I'll be minding my own business, just typing away when a scene will hit me. And I'm suddenly a crazed lunatic. I'm weepy and teary and I don't want to sit there anymore. Or sometimes I crack myself up because let's face it, I'm funny. And there's just too much sarcastic punk in me to not let it slip into my characters.

And it's all a bit of a mess. But you have to write that way. Or alteast I do. The clean up comes later. Sometimes one scene will bring another one out, like slipping in vomit. Other times not. That's called dry heaving writing. I hate that kind.

So now you feel all educated about writing and vomit and you think, why would I ever want to write? Because duh, eventually the baby comes and you think, maybe that was all worth it.

Friday, January 28, 2011

Conflict of Interests

My youngest was home with me today. And I'm in a hurry to finish my manuscript.
Is it just me, or does this seem like a conflict? Of course. Because don't you know,
"There's nothing to do in this whole house."

So I thought, okay, I don't really write ALL DAY anyway. Just a few hours on a good writing day.
List of non-boring things we did:

1. Make a miniature of our dog Peanut with a conglomerate of crafty kid things we have. Which included the use of a glue gun. Which means yes, I touched the hot glue a few times trying to stick the little eyes on.

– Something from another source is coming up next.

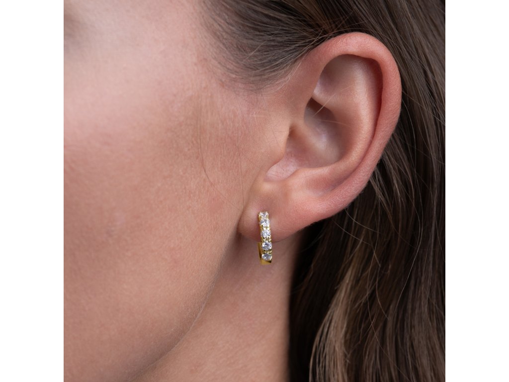 Kroužky mají velikost padnoucí takřka na každé ucho a jsou velmi univerzálně využitelné. Mají šikovné a praktické zapínání, kterým o nic nezachytnete. Kameny jsou precizně zafasovány a maximální přístup světla jim dává nádherný třpyt. Naprosto nadčasové.

2. Read picture books by Judy Cox and Kristyn Crow. Voices included.

3. Shot each other and the windows and t.v. with nerf guns.

4. Ate food.

After all of this I felt like a good mom. Until there was a 3.4 minute pause in the action wherein I was reminded that, "There's nothing to do. Nothing is fun by myself."

At that point I did what any book writing mom would do, I turned on Scooby Doo and then started to write. But even Scooby Doo is boring if you have no one to tell all the parts to. He's a sports broadcaster in the making. Kid gives a great play by play.

Someday I'll finish.
In the meantime, I'm sharpening my mad nerf gun shooting skills.

Wednesday, January 19, 2011

Writing the Hard Stuff

So I'm not the best at blogging.
Anyway.

The book I'm currently writing is an emotional one. And one that picks scabs off of past scars. I write for a while and feel great, and then I feel it affecting me. It's pretty hard sometimes, actually. But I know I'm supposed to be writing it.

So what do you do when you feel all emotionally confused? You talk to Carol Lynch Williams, the author of some of the best, hardest books, ever. And you whine and cry and tell her too much personal information. And then she tells you the best advice. Because she's Carol.

First, you need to read her books. Did you? Okay. She said, you can't put it all in one book. Our lives require more than one. Pick one big thing, change it a bit, because you're writing fiction, and then pepper it with smaller events. So simple. And something I can see so very clearly in her writing now that she mentioned that.

I'm not done writing the book, but I have the whole thing in my head. And today, my goal is to write out those events that belong in the book. Seperate from the book. My plot is already mapped, and I have much of the book written. It's in the revision that the possible changes will take place.

I just love formulas. I love patterns. I listen to what other writers have to say, to their advice, to their experiences. It's just that sometimes, one person will say what I need to hear in the only way that will get to me.

Thank you, Carol. And thank you to all my friends and peers who have helped me along this path.